►

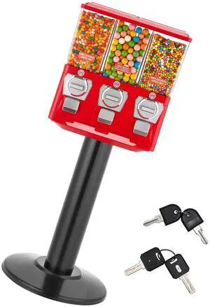 VEVOR Candy Vending Machine, Triple Compartment Candy Vending Machine with Stand, Gumball & Candies Vendings Machines with Built-In Cash Box, Detachable, Vintage Candies Dispenser for Shops, Arcades
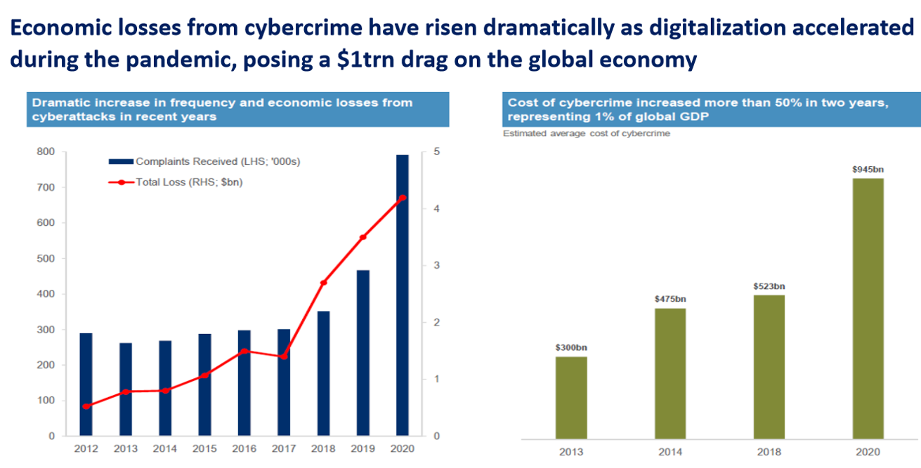 ที่มา: J.P. Morgan, FBI IC3 Internet Crime Annual Reports (LHS), CSIS "The Hidden Costs of Cybercrime“ (RHS), ก.ย. 2564
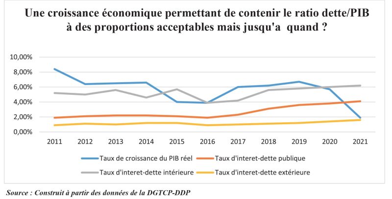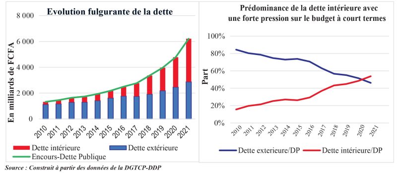 Le rapport souligne que l’encours de la dette publique est passé de 1. 324,41milliards FCFA en fin 2010 à 6. 212,25 milliards FCFA en 2021, soit une progression en moyenne annuelle de 15,26%. Autre précision de taille, le pays s’endette plus avec les bailleurs internes. A titre d’exemple, la dette intérieure connaît un accroissement annuel moyen de 29,24%.
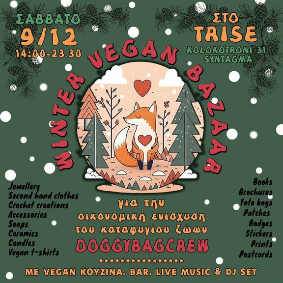 Το Σάββατο 9 Δεκεμβρίου θα πραγματοποιηθεί μπαζάρ οικονομικής ενίσχυσης του vegan καταφυγίου ζώων, DoggyBagCrew, από τις 14:00 έως τις 23:30 στον αυτοδιαχειριζόμενο κοινωνικό χώρο TRISE (Κολοκτρώνη 31, Σύνταγμα).
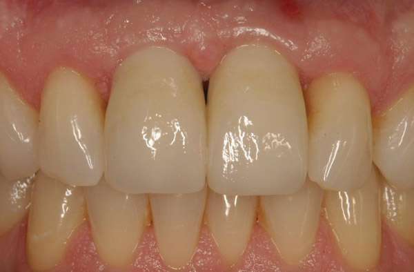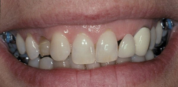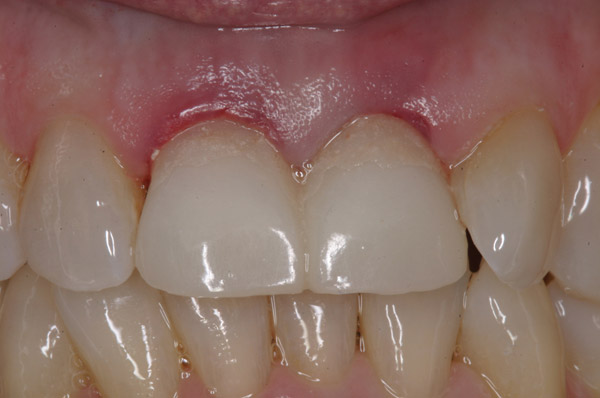 Single implants, or those located between two natural teeth, typically require a minimum of 1.5 mm of bone between the edge of the implant and the root surface.4 In the case of replacement of a lone maxillary central incisor, there should be a distance at least 2 mm to 2.5 mm between tooth and fixture, as the peak of bone sandwiched between centrals is customarily wider. The space between an implant and another should be even farther apart; this scenario requires no less than 3 mm of interproximal bone. Two maxillary central incisor implants ought to be at least 4 mm to 4.5 mm apart to support the naturally wider configuration in this area. Taking into account the information above and considering the natural width and emergence profile of teeth, the standard implant diameter used for lateral incisors is less than 4 mm, while the diameter used to substitute central incisors and canines does not typically exceed 5 mm.6 Obviously, the recommended diameter varies depending on the individual patient’s dental idiosyncrasies. Some patients simply do not possess enough mesio-distal crestal bone or room between the roots for esthetic conventional implant placement. Replacement of a failing peg-sized maxillary lateral incisor, for example, may require orthodontic movement to create sufficient interdental space (Figure 6 through Figure 9). If the patient will not or cannot manage implant space creation, alternative therapies include restoration with a removable appliance, resin-bonded fixed prosthesis, or conventional fixed partial denture.

◄

== Aim of the exercise ==
Above are the records; reproduce them exactly and leave out the pictures.

== Answer box ==
 VEVOR Candy Vending Machine, Triple Compartment Candy Vending Machine with Stand, Gumball & Candies Vendings Machines with Built-In Cash Box, Detachable, Vintage Candies Dispenser for Shops, Arcades
 ที่มา: J.P. Morgan, FBI IC3 Internet Crime Annual Reports (LHS), CSIS "The Hidden Costs of Cybercrime“ (RHS), ก.ย. 2564
 Le rapport souligne que l’encours de la dette publique est passé de 1. 324,41milliards FCFA en fin 2010 à 6. 212,25 milliards FCFA en 2021, soit une progression en moyenne annuelle de 15,26%. Autre précision de taille, le pays s’endette plus avec les bailleurs internes. A titre d’exemple, la dette intérieure connaît un accroissement annuel moyen de 29,24%.
 Το Σάββατο 9 Δεκεμβρίου θα πραγματοποιηθεί μπαζάρ οικονομικής ενίσχυσης του vegan καταφυγίου ζώων, DoggyBagCrew, από τις 14:00 έως τις 23:30 στον αυτοδιαχειριζόμενο κοινωνικό χώρο TRISE (Κολοκτρώνη 31, Σύνταγμα).
 Single implants, or those located between two natural teeth, typically require a minimum of 1.5 mm of bone between the edge of the implant and the root surface.4 In the case of replacement of a lone maxillary central incisor, there should be a distance at least 2 mm to 2.5 mm between tooth and fixture, as the peak of bone sandwiched between centrals is customarily wider. The space between an implant and another should be even farther apart; this scenario requires no less than 3 mm of interproximal bone. Two maxillary central incisor implants ought to be at least 4 mm to 4.5 mm apart to support the naturally wider configuration in this area. Taking into account the information above and considering the natural width and emergence profile of teeth, the standard implant diameter used for lateral incisors is less than 4 mm, while the diameter used to substitute central incisors and canines does not typically exceed 5 mm.6 Obviously, the recommended diameter varies depending on the individual patient’s dental idiosyncrasies. Some patients simply do not possess enough mesio-distal crestal bone or room between the roots for esthetic conventional implant placement. Replacement of a failing peg-sized maxillary lateral incisor, for example, may require orthodontic movement to create sufficient interdental space (Figure 6 through Figure 9). If the patient will not or cannot manage implant space creation, alternative therapies include restoration with a removable appliance, resin-bonded fixed prosthesis, or conventional fixed partial denture.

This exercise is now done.